The Detroit Lions finished 5-11 this year. They are 21-59 over the past 5 seasons. They have four offensive players who were drafted in the top ten of the first round who have produced little or nothing. They have a clueless owner, and an in-over-his-head general manager. They don’t have a permanent head coach, and will soon be without a starting or backup quarterback.
Although it would seem that their options are limitless, the truth is the Lions have but one or two choices to make to solidify the direction, or misdirection, of the franchise for the next 5 seasons.
Despite the record, the fans’ protestations, and the obvious on the job training, the Lions ownership will continue to trust Matt Millen to run the organization.
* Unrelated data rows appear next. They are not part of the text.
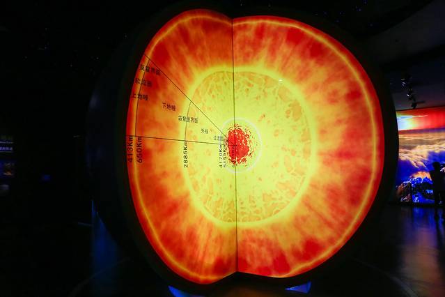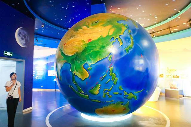 这里的展厅分为三层,第一层是奥秘厅、二层生命演化厅、三层民俗文化厅,集中展示天柱山地质公园的综合价值和区域地质地貌形成演化历史,揭示地区地质、生物和文化多样性之间的关联。
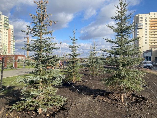 В сквере на Академика Королева в Челябинске высадили 117 крупномерных саженцев сосны горной, яблони сибирской и ели колючей (голубой). Помимо деревьев здесь добавили кустарники: 215 дерена белого и 4,1 тыс. кизильника.
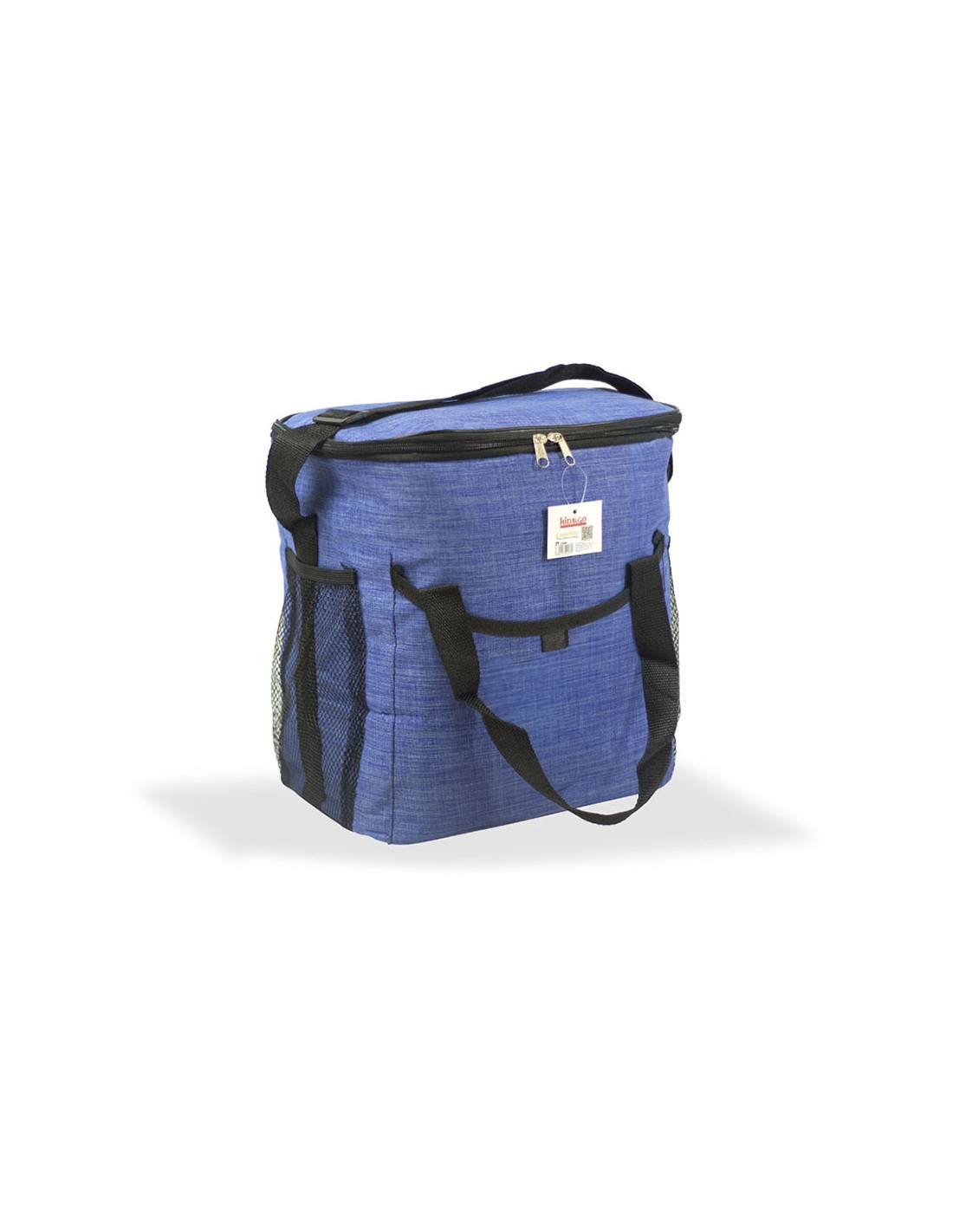 Nevera diseño tejana con asa color azul 21 l con revestimiento isotérmico epe de 5 mm. medidas: 37,7 x 20 x 33 cm
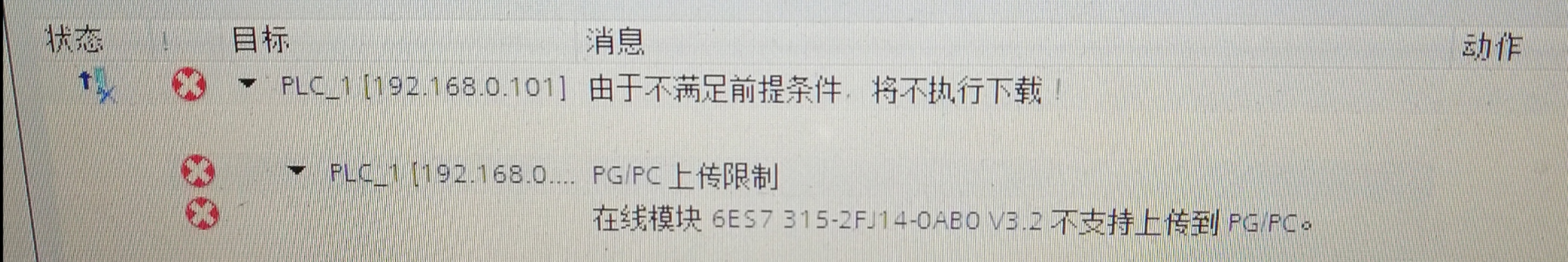 CPU,315F-2 PN/DP使用博途组态编程,原项目文件是v13sp1的。现在在现场使用博途v13sp1新建一个空项目(就是新建一个项目,里面软硬件都没有。),使用在线菜单的“将设备作为新站上传(硬件和软件)”,可以找到在线设备,但是上传时提示在线模块不支持上传到PG/PC。请问有朋友知道为什么吗?
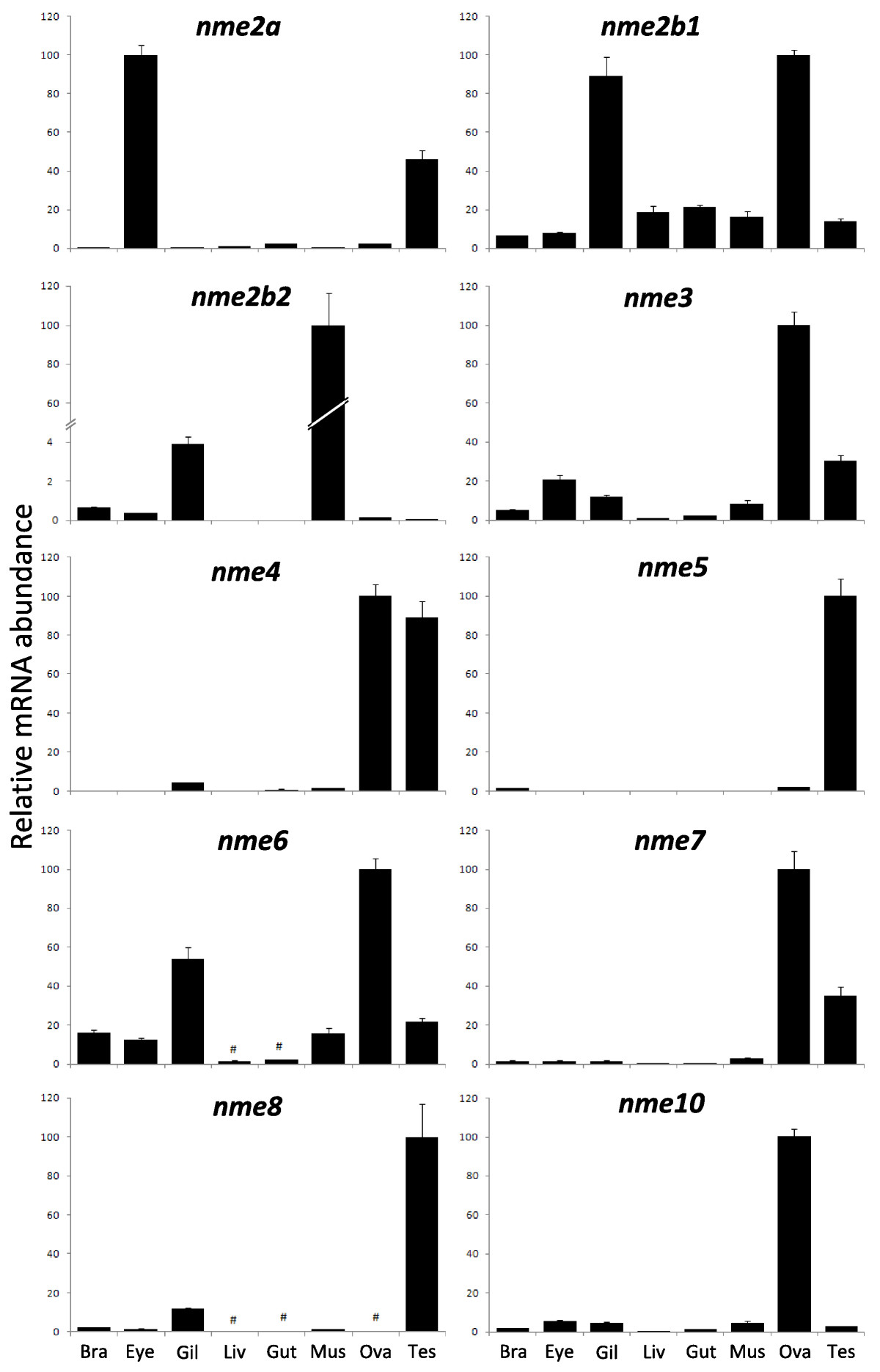 Fig. 10 Tissue distribution of zebrafish nme mRNAs. Tissue expressions of zebrafish nme2a, nme2b1, nme2b2, nme3, nme4, nme5, nme6, nme7, nme8, and nme10. Real-time PCR analysis was conducted using total RNA originating from the following tissues sampled in three different sexually-mature females: brain (Bra), eyes (Eye), gills (Gil), hepatopancreas (Liv), intestine (Gut), muscle (Mus), ovary (Ova), and three different mature males: testis (Tes). For each tissue, three separate reverse transcription (RT) reactions were carried out using separate RNA samples originating from three different fish. RT reactions were pooled and use to run real-time PCR in quadruplicates. Mean and SD are shown (n = 4). #, Expression levels not significantly different from background signal at p < 0.05. For all genes, relative abundance is expressed in percentage of highest tissue expression after signal normalization by 18S gene expression.
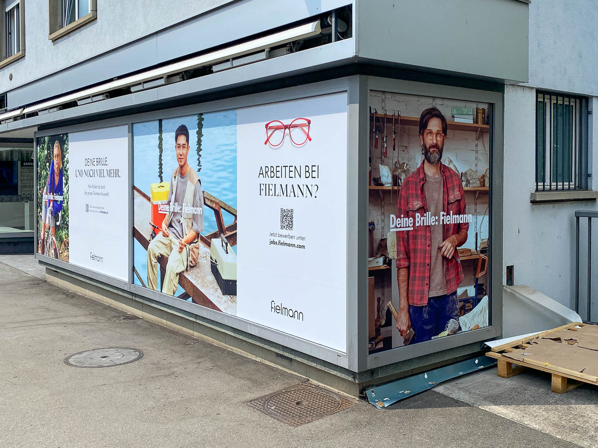 Für die Umsetzung kamen bedruckte Premiumfolien zum Einsatz, die zusätzlich matt laminiert wurden. Dieses Laminat verleiht der Oberfläche ein edles Finish und reduziert gleichzeitig störende Spiegelungen. Zudem schützt es den Druck zuverlässig vor Kratzern und Witterungseinflüssen – ein wichtiger Aspekt, wenn Folien über mehrere Monate hinweg im Aussenbereich eingesetzt werden.
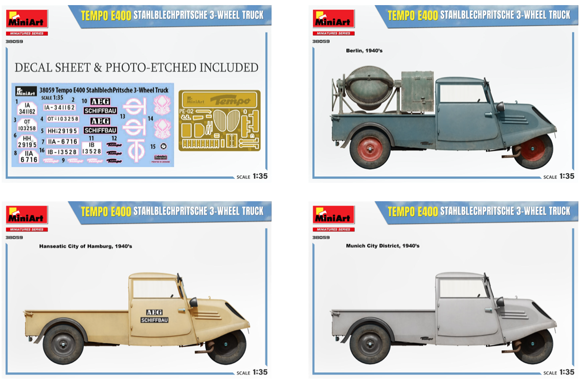 Miniart - 1/35 Tempo e400 stahlblechpritsche 3-wheel truck
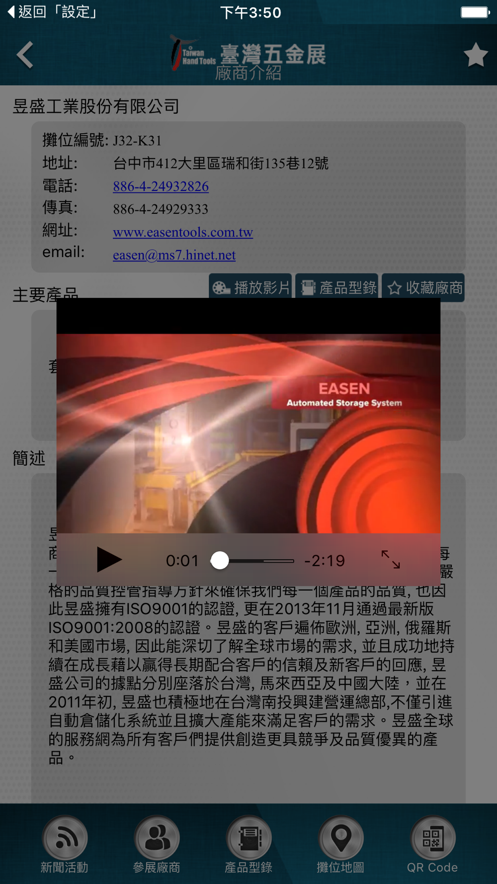 本APP在活動期間提供大會活動訊息及相關廠商資訊及電子型錄功能、攤位地圖、展場相關交通住宿資資訊,APP內建QR Code功能可以直接掃描,開啟廠商相關資訊,並可直接收藏相關活動及廠商資訊,幫助買家收集資採購資訊。
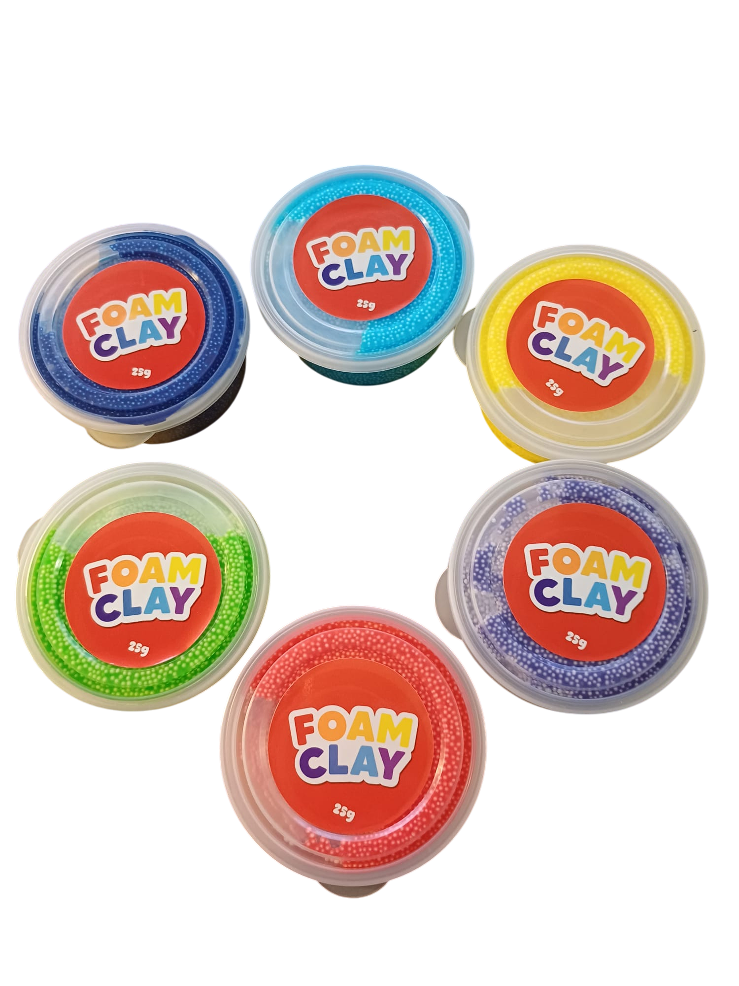 Foam clay → zachte, lichtgewicht klei met kleine foam-bolletjes, die opdroogt maar niet stuitert.
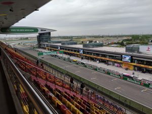 Note that if you sit a bit lower down in the main grandstand, your view of the back part of the track will be obstructed by the pit building.
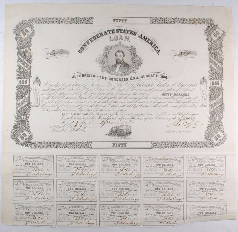 1861 CONFEDERATE $50.00 BOND, CR-18, B-71 J.H. REAGAN POSTMASTER VF R-5 RARE!!
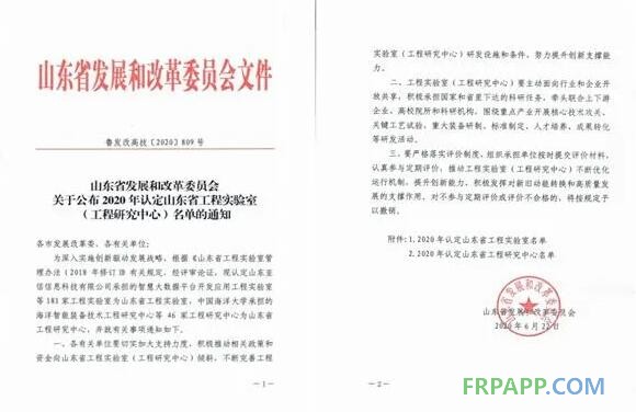 近日,山東省發(fā)展和改革委員會(huì)公布了2020年認(rèn)定山東省工程實(shí)驗(yàn)室(工程研究中心)名單,山東格瑞德集團(tuán)申報(bào)的山東省纖維增強(qiáng)復(fù)合材料制備技術(shù)工程實(shí)驗(yàn)室位列其中。

On paper, the Lions have talent. They have a speed and power running back in Kevin Jones. There’s talent, underachieving, at the wide receiver spots with high first round picks Charles Rogers, Roy Williams, and Mike Williams. The defense is anchored by a strong, young defensive line (pro bowler Shaun Rogers, and solid James Hall) and quality secondary play (pro bowler Dre’ Bly, up and coming Terrence Holt).
Their roster has a mix of talented youth and grizzled veterans (Dan Wilkinson, Damien Woody, Marcus Pollard) that allows the Lions an opportunity to be extremely competitive whether rebuilding or retooling. So, the number one question for Millen is whether to rebuild or retool.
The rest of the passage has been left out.